Angel Cancel v. Alvin Sewell

CourtCourt of Appeals of Georgia
DecidedMarch 29, 2013
DocketA12A1950
StatusPublished

This text of Angel Cancel v. Alvin Sewell (Angel Cancel v. Alvin Sewell) is published on Counsel Stack Legal Research, covering Court of Appeals of Georgia primary law. Counsel Stack provides free access to over 12 million legal documents including statutes, case law, regulations, and constitutions.

Bluebook
Angel Cancel v. Alvin Sewell, (Ga. Ct. App. 2013).

Opinion

FIRST DIVISION ELLINGTON, C. J., PHIPPS, P. J., and DILLARD, J.

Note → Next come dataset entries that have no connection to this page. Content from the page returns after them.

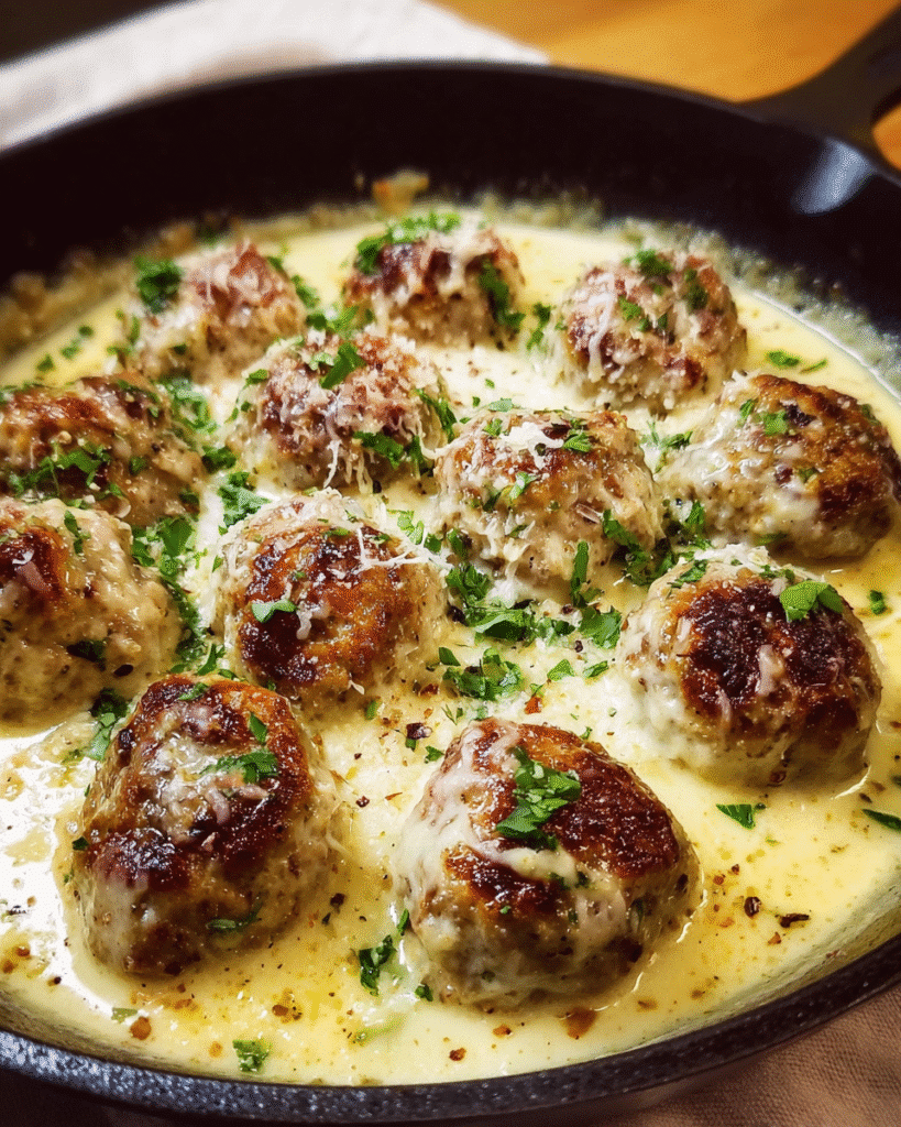 A rich and comforting casserole made with tender meatballs, creamy garlic parmesan sauce, and melted cheese.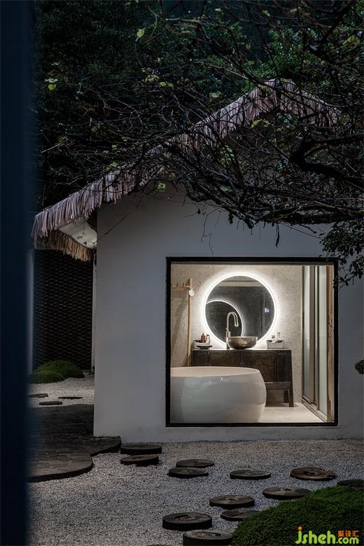 由原豬圈改造的開放式的主衛(wèi),圓形的落地浴缸、圓形的鏡子、特殊設(shè)計(jì)的洗手臺(tái)充滿了浪漫的氣息,舊房改造設(shè)計(jì)在老葡萄樹的映襯下,享受月光浴。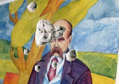 Со слов очевидцев, боевики поиздевались не только над портретом поэта. Вандализму подверглись изображения символизирующие семью и родину.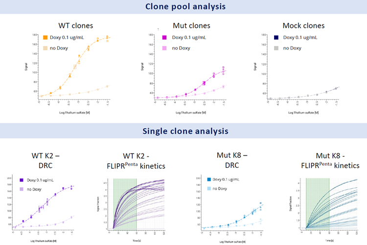 A series of graphs showing cell line generation and clone selectionusing thalium response, by both clone pool and single pool analyses.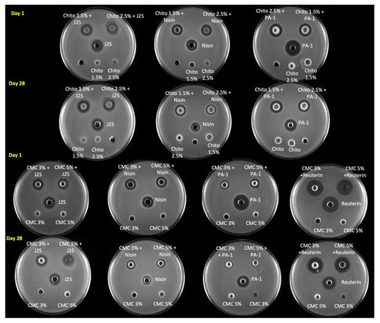 Antimicrobial activity of formulated hydrogels estimated using an agar well diffusion assay on day 1 and day 28. The antimicrobial activities of microcin J25, nisin Z, pediocin PA-1 and reuterin were tested against S. Newport ATCC 6962, S. aureus ATCC 6538, L. monocytogenes ATCC 19115 and S. Newport ATCC 6962, respectively. Control with hydrogels alone (without bacteriocins) were included on the same plate for comparison. Chito: Chitosan, J25: Microcin J25, PA-1: Pediocin.
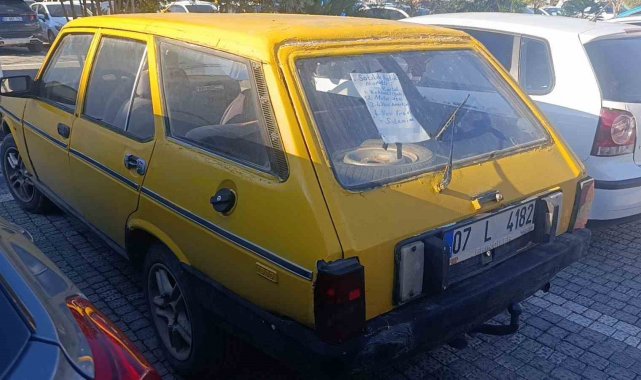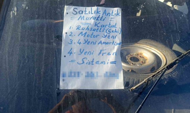 Antalya'nın Manavgat ilçesinde hastane bahçesinde park halindeki 1984 model Tofaş Kartal marka otomobilin arkasındaki satılık ilanı görenlerin ilgisini çekti.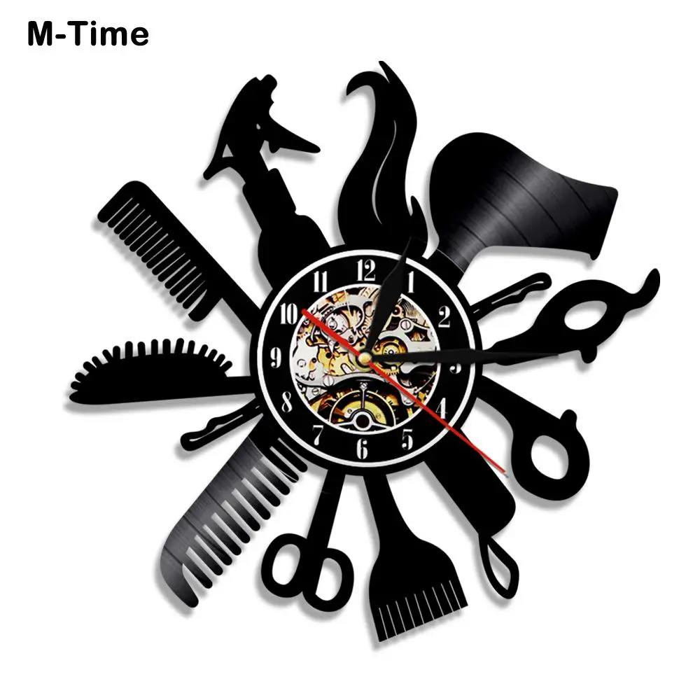 Парикмахерская настенные часы современный дизайн Виниловая пластинка Красота салон магазин Винтаж 3D часы для стрижки, парикмахерской подарок horloge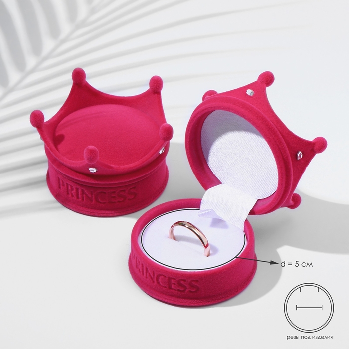Футляр бархатный под кулон/кольцо «Корона», 5,5×5,5×4,5, цвет розовый, вставка белая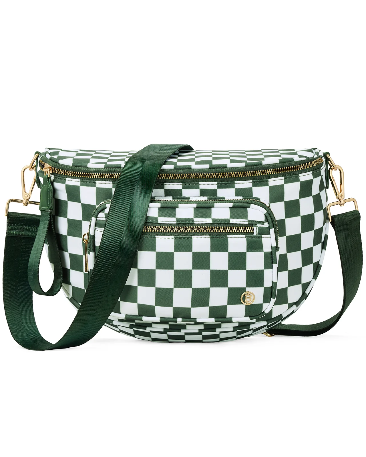 With its eye-catching checkerboard design, spacious 3-compartment layout, and room for essentials like a phone, wallet, and even a 24oz bottle, it keeps you organized on the go. Adjustable, detachable wide straps ensure comfort and allow for personalized styling. Perfect for daily wear, travel, or gifting, it delivers both standout style and everyday functionality.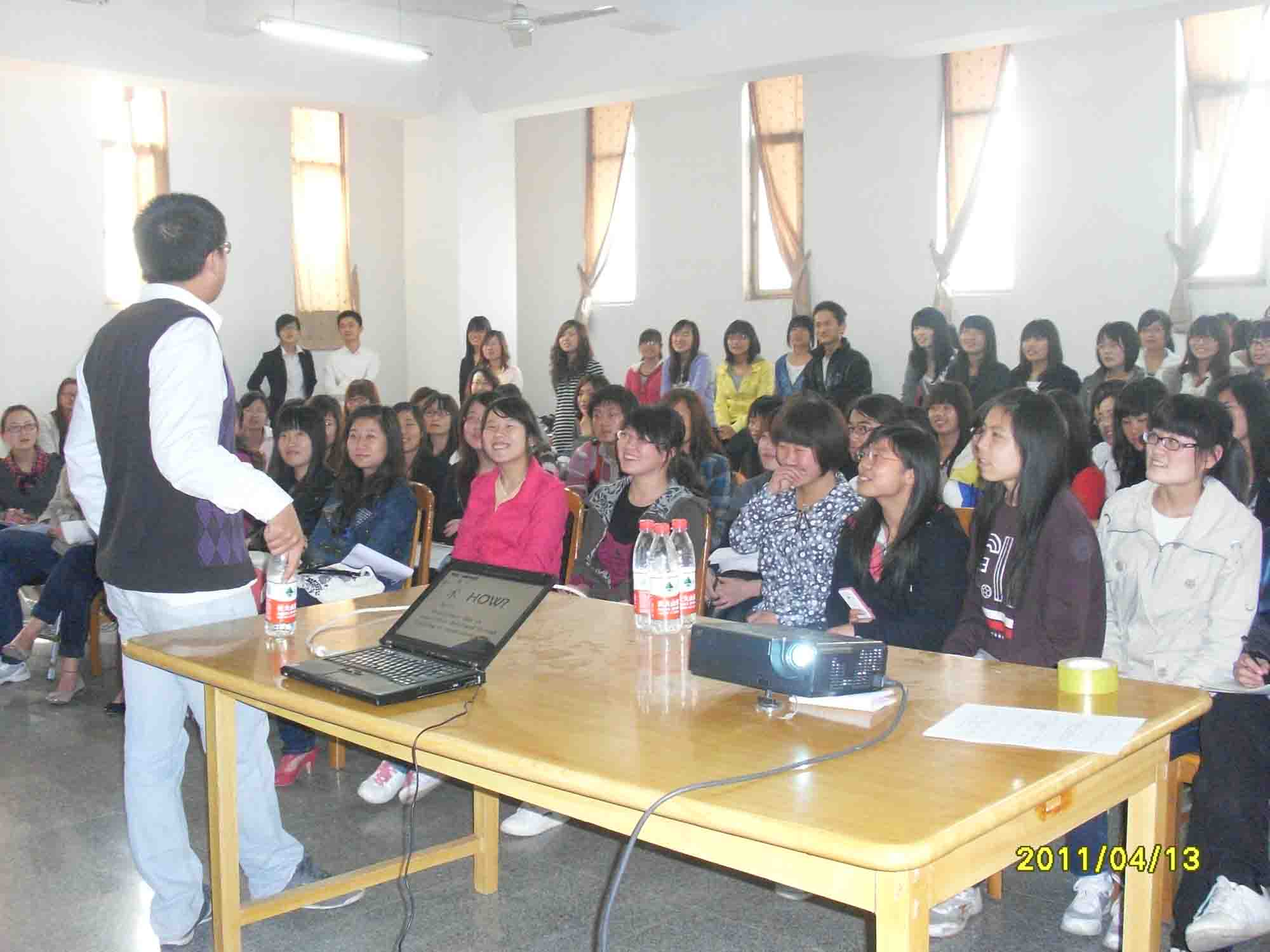 经余鸿玉老师积极联系,4月13日下午,郑州新东方培训公司李楠老师一行三人来到了外语系开办专场招聘活动。新东方此次提供招聘岗位较多:专职英语辅导老师10名、兼职的小学初中各科辅导老师10-15名、暑期夏令营辅导老师20名。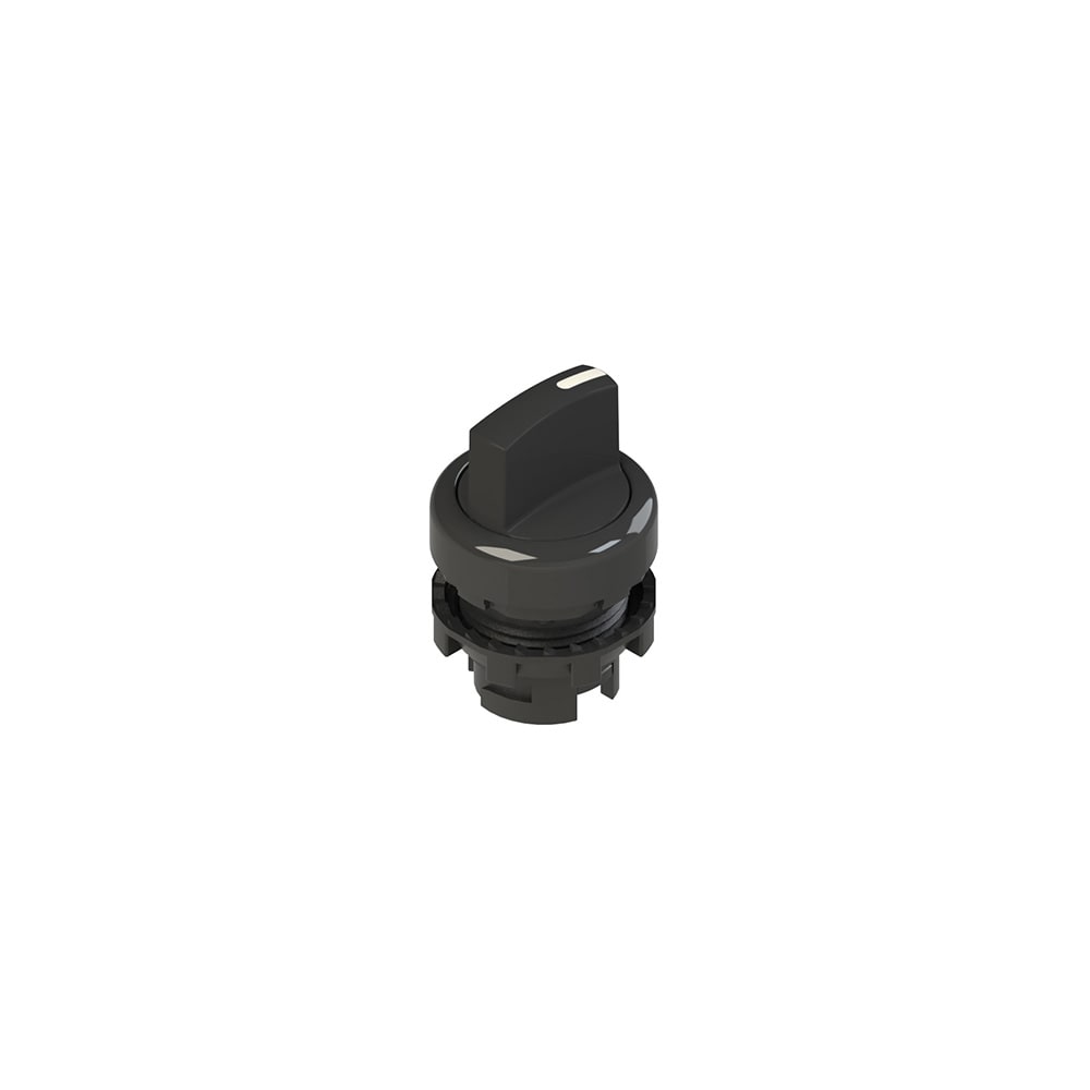 Selettore a leva corta a tre posizioni nero con marcatura, Grado di protezione: IP67 secondo EN 60529 e IP69K secondo ISO 20653, Forma: A leva corta , Funzione: 3 posizioni, Colore: Nero, Ghiera: Nero, Marcatura: Con marcatura.

NOTICE: Motions for reconsideration must be physically received in our clerk’s office within ten days of the date of decision to be deemed timely filed. (Court of Appeals Rule 4 (b) and Rule 37 (b), February 21, 2008) http://www.gaappeals.us/rules/

March 29, 2013

In the Court of Appeals of Georgia A12A1950. CANCEL v. SEWELL et al. A12A1951. SEWELL et al. v. CANCEL. A12A1952. FAULK et al. v. CANCEL.

PHIPPS, Presiding Judge.

After the anesthesiology department of a hospital underwent a restructuring,

four anesthesiologists who had been working there under their practice group were

not selected for continued employment. Alleging that they had been wrongfully

terminated because they had voiced concerns of fraudulent billing practices by fellow

anesthesiologists, the four anesthesiologists – Angel Cancel, M.D., Pravin Jain, M.D.,

Grace Duque-Dizon, M. D., and Monajna Sanjeev, M.D. – filed suit against numerous

individuals and entities. Herein, we review several rulings on various defendants’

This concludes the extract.